As shown in Fig. 3c, the success probability \( P(q=1|z_{1}) \) of passes being well-fitted by the sigmoid function (5) could be a consequence of the normal distributions for \( P(z_{1}|q=1) \) and \( P(z_{1}|q=0) \) (see Fig. 3b). In particular, it is known that \( P(q=1|z_{1}) \) can be expressed as follows:

$$\begin{aligned} P(q=1|z_{1}) = \frac{1}{1 + \exp \left[ -\log \frac{P(z_{1}|q=1)P(q=1)}{P(z_{1}|q=0)P(q=0)}\right] }, \end{aligned}$$

which transforms to Eq. (5) when \( P(z_{1}|q=1) \) and \( P(z_{1}|q=0) \) follow a normal distribution with the same standard deviation24. In our case, the standard deviations obtained from fitting our data are \( \sigma _{1} = 0.54 \) and \( \sigma _{0}=0.38 \), and \( \sigma _{1}\ne \sigma _{0} \). The deviation of the success probability curve shown in Fig. 3c from the sigmoid function curve where \( z_{1} < 0 \) can be attributed to this difference in standard deviation values. The sigmoid curve for \( z_{1} \) can be applied to the player assessment in terms of difficulty of ball passings. For example, a player who completed many passes with \( z_{1}<0 \) can be evaluated as a good passer because such passes are difficult to complete by the sigmoid curve. In particular, \( \sigma _{1} \) and \( \sigma _{2} \) may be related to the passing abilities of players. Thus, new criteria for pass evaluation can be a typical practical application of our framework.

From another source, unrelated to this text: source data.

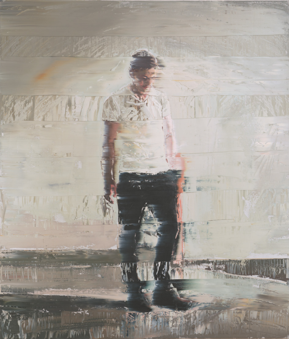
Dog Days of Summer II, 2020

Oil on canvas 210 x 180 cm | 82.7 x 70.9 in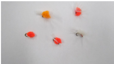
Variations of the nuke-egg-fly-pattern

The next edition of this publication will cover the flies to be tied during January.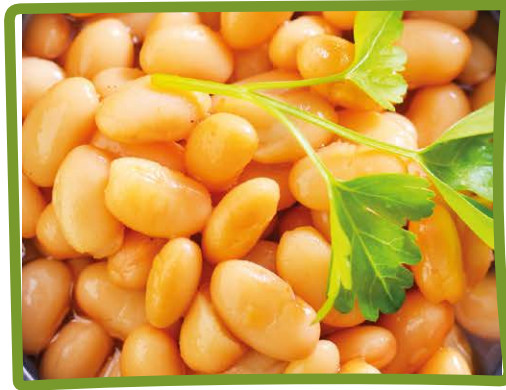
cooked white beans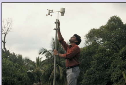
Installation of the Ambient weather station

Foundation for Environment, Climate and Technology [FECT] Sponsors: US National Academy of Sciences, USAID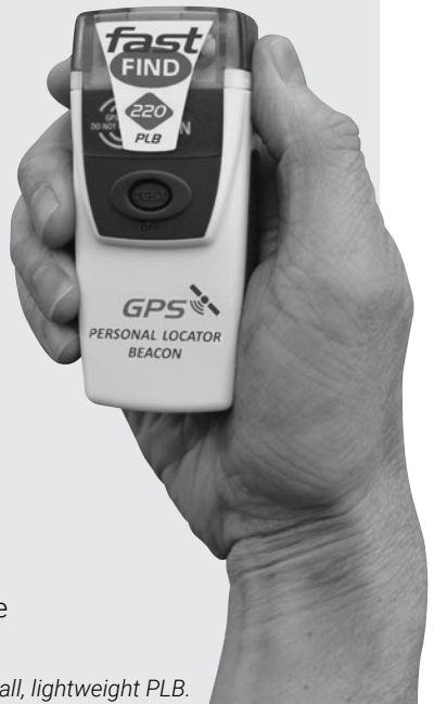
An example of a small, lightweight PLB.

The PLB is a small device that, when activated, transmits a message via satellite to emergency services. Coordinates transmitted by the PLB are used by rescuers to pinpoint its location.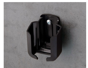
B2921509 Holder S ASA+PC (UL 94 V-0) black RAL 9005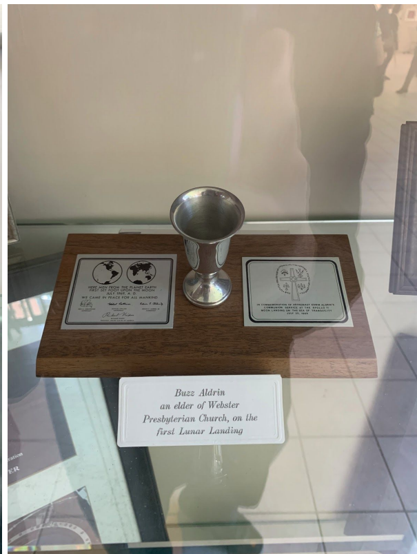
Buzz Aldrin an elder of Webster Presbyterian Church, on the first Lunar Landing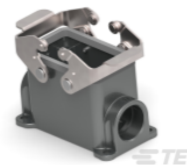
TE Model / Part # T1440101120-000 H10B-SGRS-M20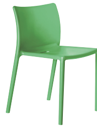
Matt colour Green 1320 C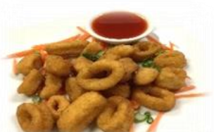
Breaded Calamari Ring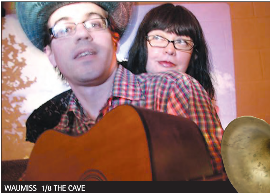
WAUMISS 1/8 THE CAVE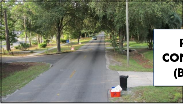
ROAD CONDITION (Before)

Finally, here, we present directions for future research related to the present study by comparing our framework with other relevant studies. First, Fernández and Bornn proposed a field weighting approach for space evaluation in football games22. In their method, a player’s influence on each location is defined by a multivariate normal distribution and is transformed into a single value to evaluate which team is dominant at a location. In contrast, our method evaluates a location in the field based on two variables, \( z_{1} \) and \( z_{2} \), which are defined based on the motion model. It is noteworthy that each of \( z_{1}(\vec {x}, t) \) and \( z_{2}(\vec {x}, t) \) has an explicit physical meaning, i.e., the degree of safety for a pass made to \( \vec {x} \) at t and degree of sparsity of \( \vec {x} \) at t, respectively. Several extensions to our proposed framework are required before it can be applied to real game analyses. For example, the information of the distances from the locations of the ball and goal should be incorporated into variables for field weighting as in the case of Fernández and Bornn’s approach, because the outcome of passes or shots typically depends on these distances. In regard to the motion of the ball, Spearman et al. proposed a model based on the equation of motion for the ball20,21. Our proposed framework could also be similarly extended to the ball, which would enable us to evaluate the accuracy of passes. Because our framework is independent of the definition of the motion model, we could employ any extended motion model based on the equations of motion or machine learning technique18,19 for calculating \( z_{1} \) and \( z_{2} \). A player-specific motion model might also allow us to assess the playing ability of players.